While each building contract does differ, there are a few common requirements. Whether you’re building a brand-new custom home or simply renovating or extending your existing house, look out for the following in your next building contract:
A building contract is a legal requirement, so it’s important to ensure that all of the details are correct. Make sure your name is spelt correctly and the builders business name, license number and ABN are included and accurate.
Be sure to check that the date of the contract is also correct, and a construction time frame is specified and realistic. Once you sign the contract, you will have a 5-business day cooling off period, after which it will become a legal document. You want to ensure even the most basic details are accurate.

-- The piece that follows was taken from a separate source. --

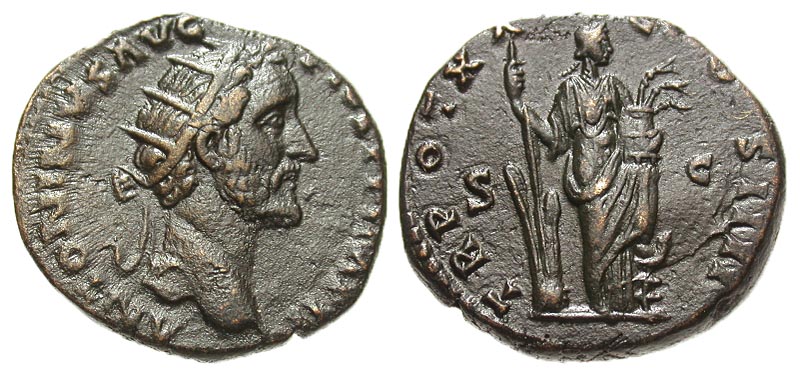 Antoninus Pius. A.D. 138-161. Æ dupondius (25.0 mm, 12.52 g, 11 h). Rome mint, A.D. 157. ANTONINVS AVG PIVS PP IMP II, radiate head right / TR POT XX COS IIII, S-C, Annona standing right, foot on prow, holding rudder and modius set on knee. RIC 969; BMCRE 2022. VF.
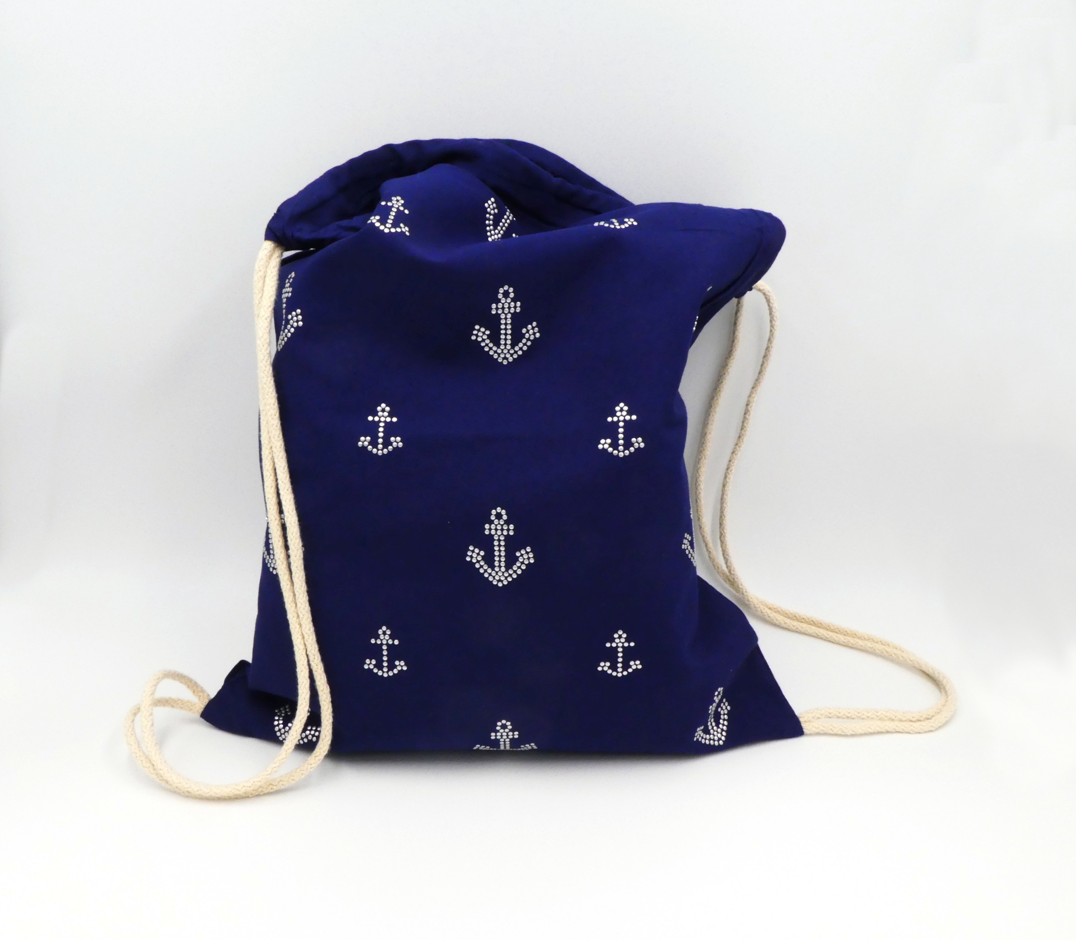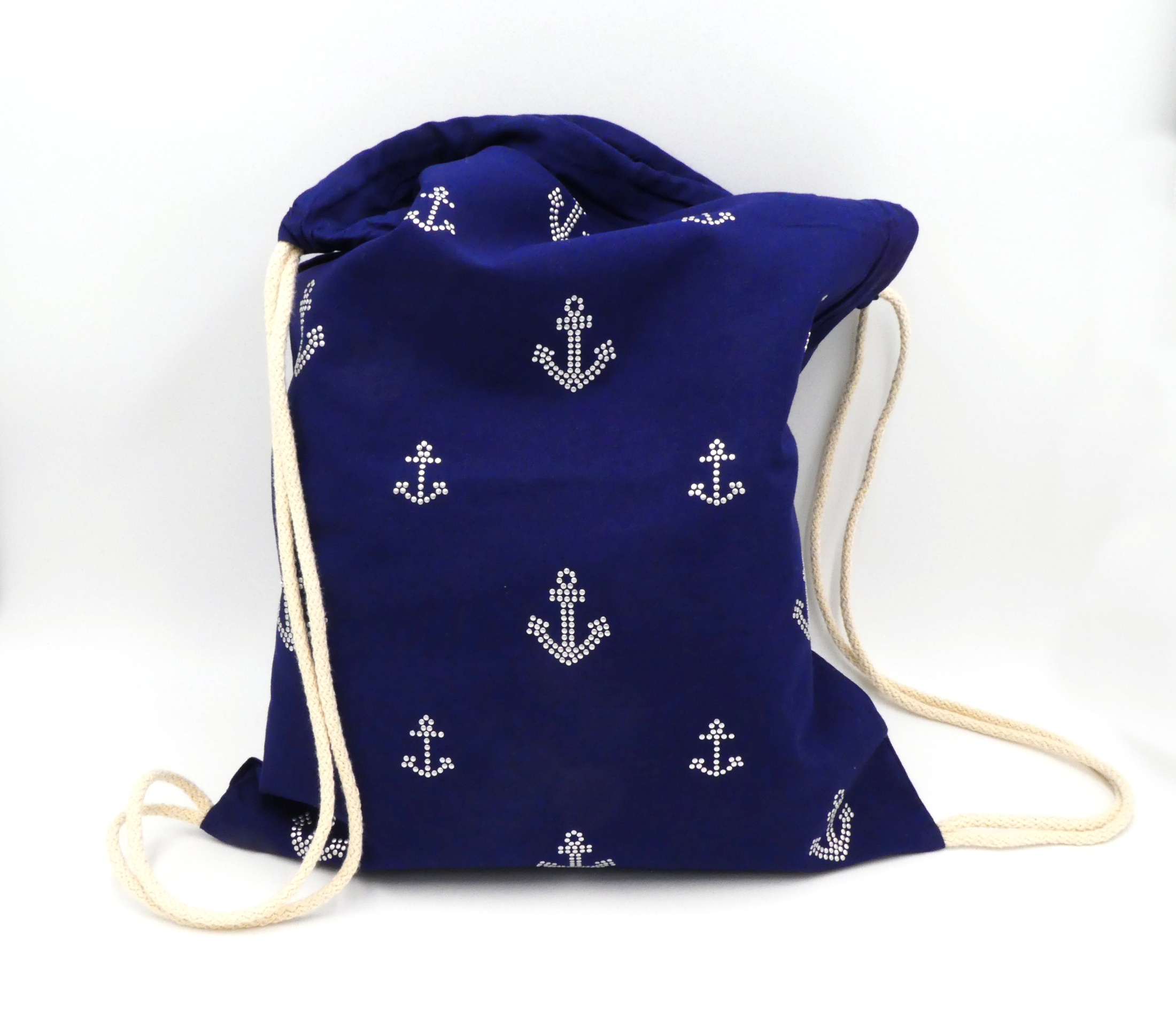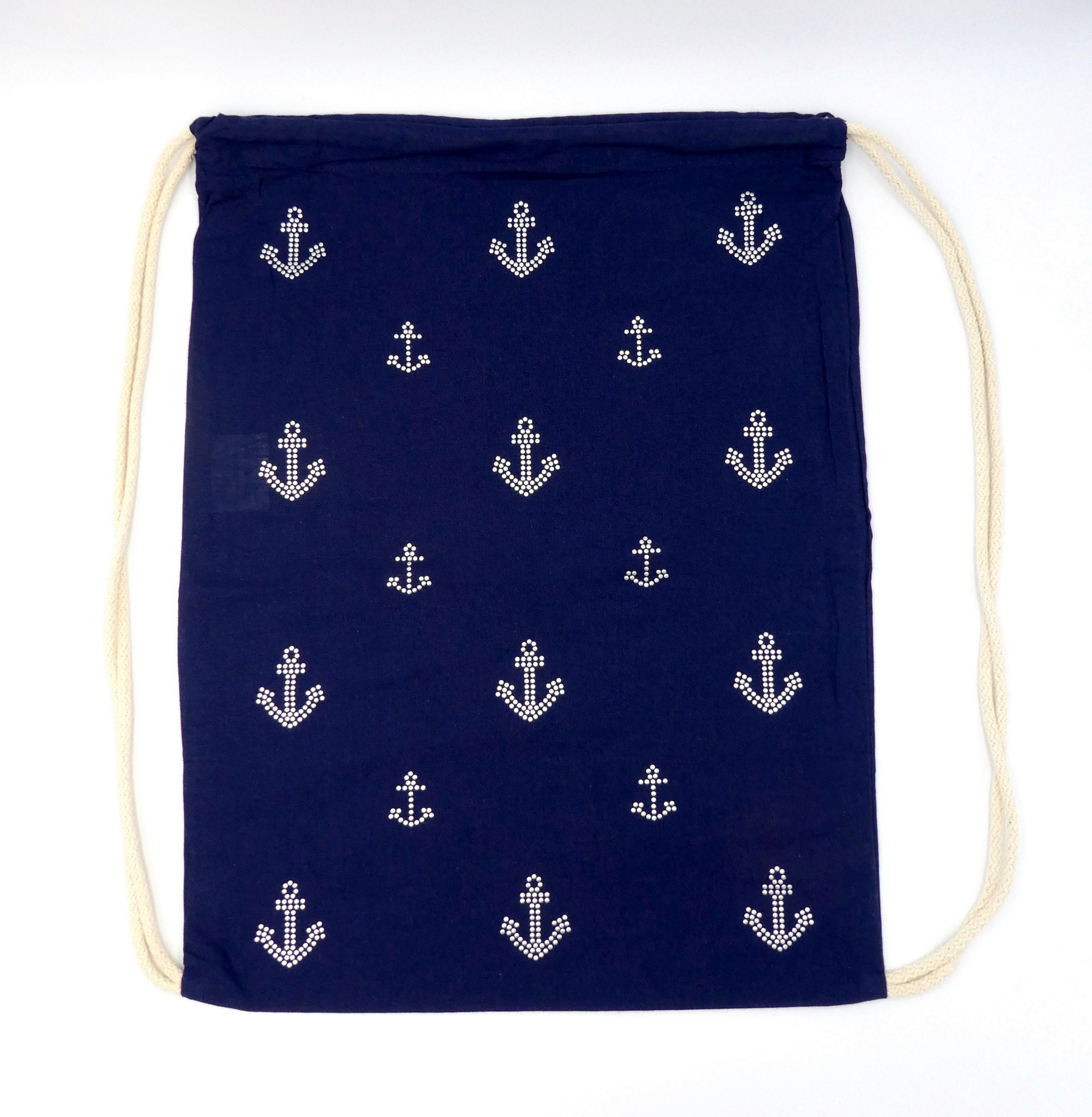 Oregon Premium Sportbeutel. Offenes Hauptfach mit Baumwoll Kordelzugverschluss. Kordeln naturfarben. 100 g/m² Baumwolle. Farbe Navy, 330 x 440 mm veredelt mit Alu Nieten

Detailed Overview of Works
Your contract should include a clearly stated analysis of the works involved. This includes everything from demolition work (if necessary) and early construction, to electrical, plumbing works and painting.
Make sure your contract also includes a copy of your building plans and a section that states the works will be completed according to these plans. There should also be a clause stating any variations or changes to the original contract price must be provided in writing and signed by both the builder and the client.
Consumer Building Guide
In Queensland, all builders are legally required to supply a client with the Consumer Building Guide to read before signing a contract. This guide provides a comprehensive overview of what to look out for before signing, including double checking documents, special and general conditions, the builders licence and licence history, the contract cost, start and finish dates and legal obligations.
The guide includes a helpful checklist that allows you to ensure you’ve covered everything before signing.
Your contract should include the final agreed upon cost of your project. Ideally, when it comes to the contract stage you will have chosen as many selections as possible to ensure this final cost is as realistic as it can be.
If you can’t finalise your specific selection, your contract can allocate prime cost allowances for some fittings and fixtures, however these allowances could possibly be for base level items. If you do decide on more expensive appliances, fixtures or fittings, make sure you allow for the difference on top of the contract price.
As well as the total cost, your contract should also include a schedule of payments and a due stage for each instalment. Often payment will be required after the completion of each stage, but this can vary between builders.
It’s important to double check that your builder is covered by Home Warranty Insurance (QBCC Insurance) before you sign your contract. It is in the best interest of both you and your builder to ensure they are fully covered by insurance.
If you are undertaking a renovation or extension project, make sure to contact your own insurance company to ensure your existing structure is covered.
If you’re unsure about something in your building contract, it’s best to acquire legal advice before signing. Remember that once signed, your contract becomes a legally binding document and you will be required to pay all stated costs provided works are completed as described.
When it comes to the contract stage, always take your time. Be very wary of the builder who rushes you into signing a contract or tells you not to worry about missing details. This is never a good way to begin a legal partnership.